A rebuild place is not only suitable to re-live through the physicality of the appearance, but must give room for (new) memories and should be freely interpretable. This means that we must pass the authority of our architectural field in the sense of dictation our visions or patronizing in the design, but make room for less tangible senses such as hearing, smell and touch.

Besides, it is necessary to take the natural time factor into account, the time-rings of the city, because the design predicts the success of a potential project, but it certainly will fail if it does not take account of everything that is obvious or less obvious from the soul of the place, from The Soul of the City.

 

 

Short Bio

Bengin Dawod is an architect and urban designer, born in 1982 and currently practicing in the architectural bureau 'Common Affairs'. And he advices the city of Amsterdam on the strategy development of the refugee camp in Jordan, and a co-founder of Ondertussen.

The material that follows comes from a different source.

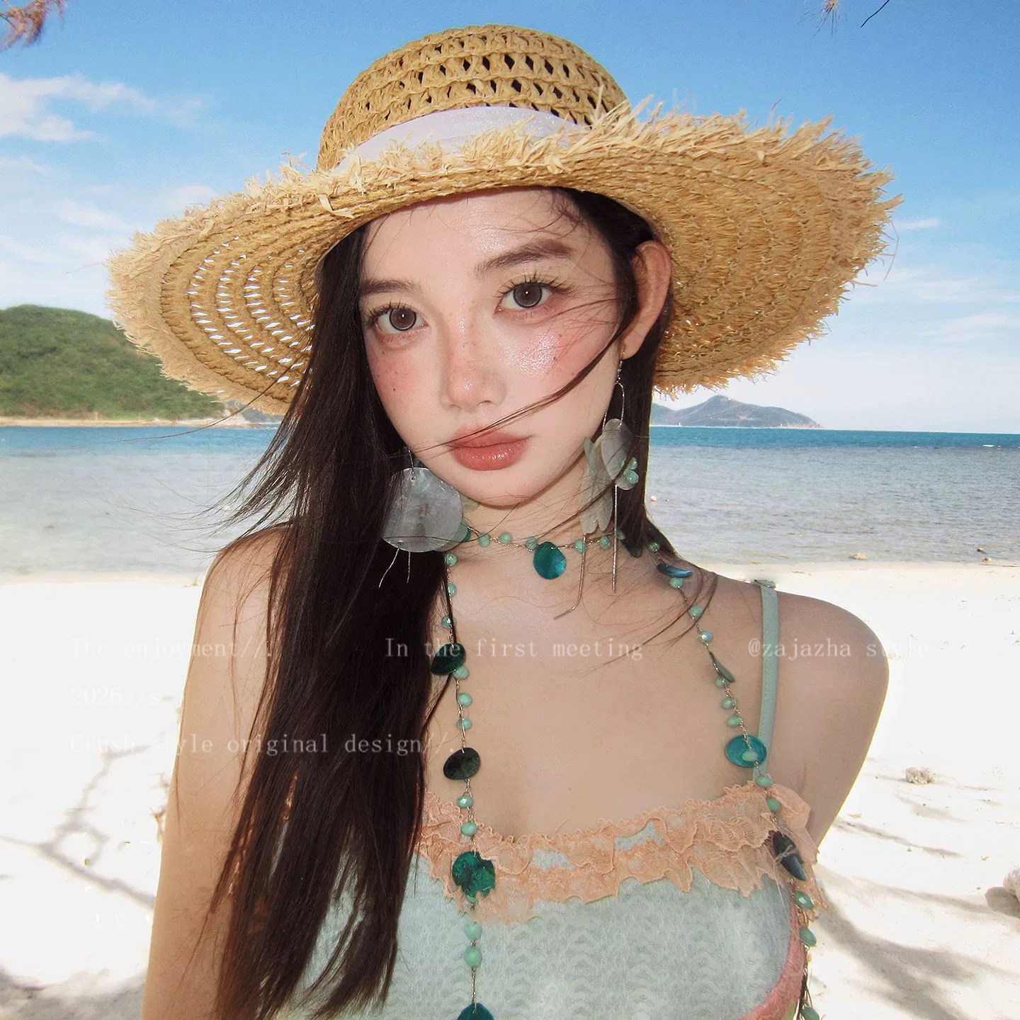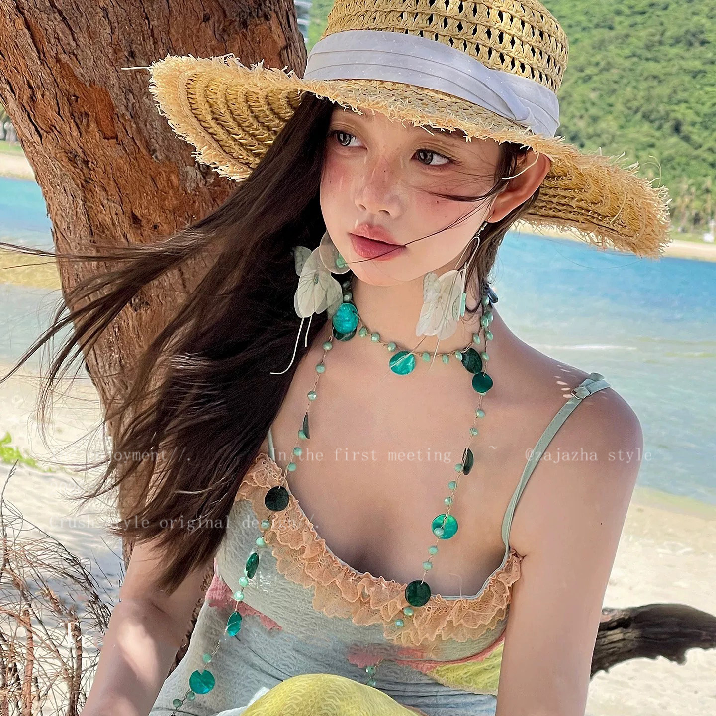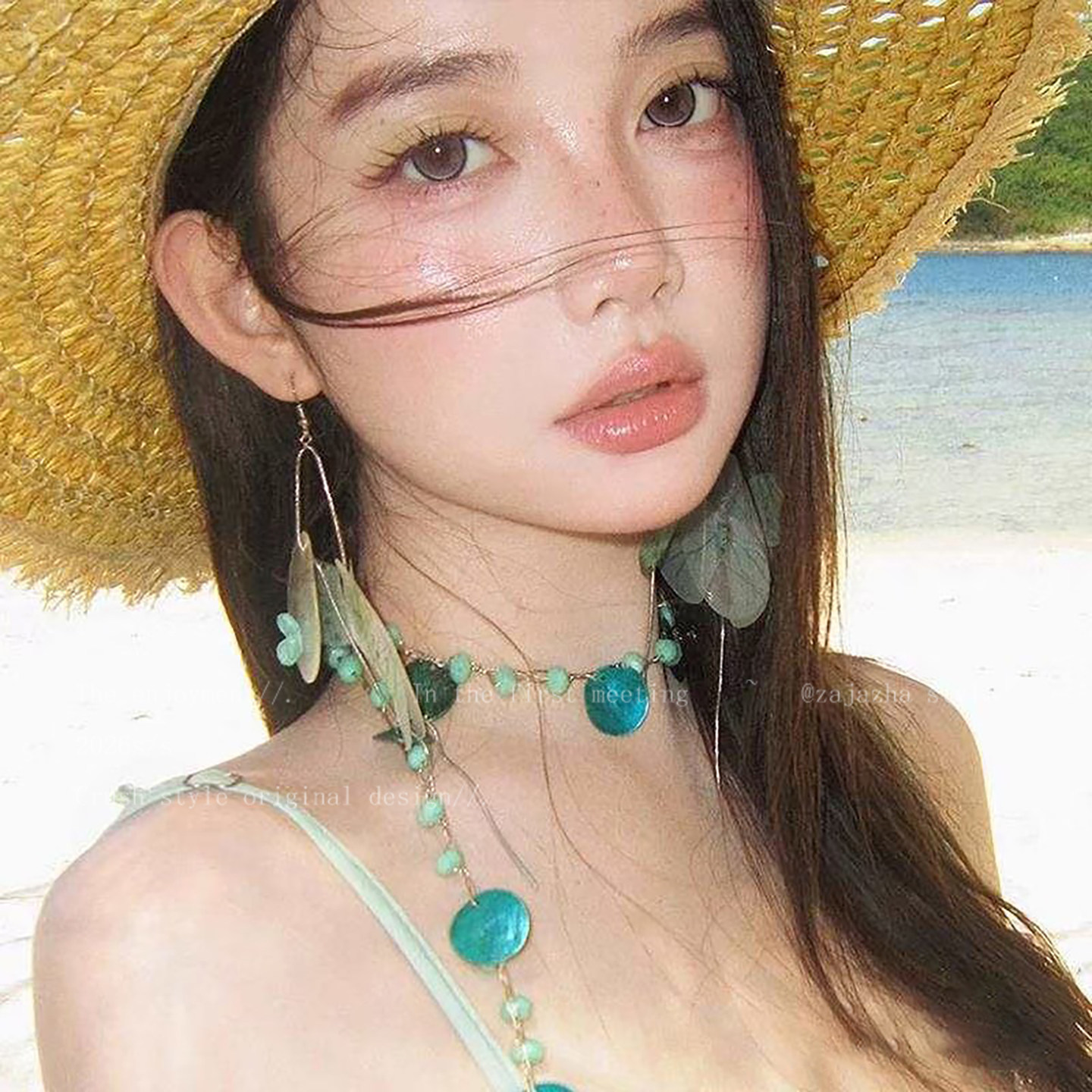 复古蓝绿色贝壳流苏项链女波西米亚民族风锁骨链海边度假长款配饰

He initiated the Soul of the City project which is focused on the reconstruction of post conflict cities. Which asks beyond current practices and involves a wider set of disciplines then professionally trained architects and urban planners. In who might understand through their collaboration the invisible layers of the city?

Bengin in this installation is more provoking with his work the new way of thinking regarding the rebuilding of post conflict cities, and more challenging architects and urban designers for a new principle which must create the new form from the damaged one.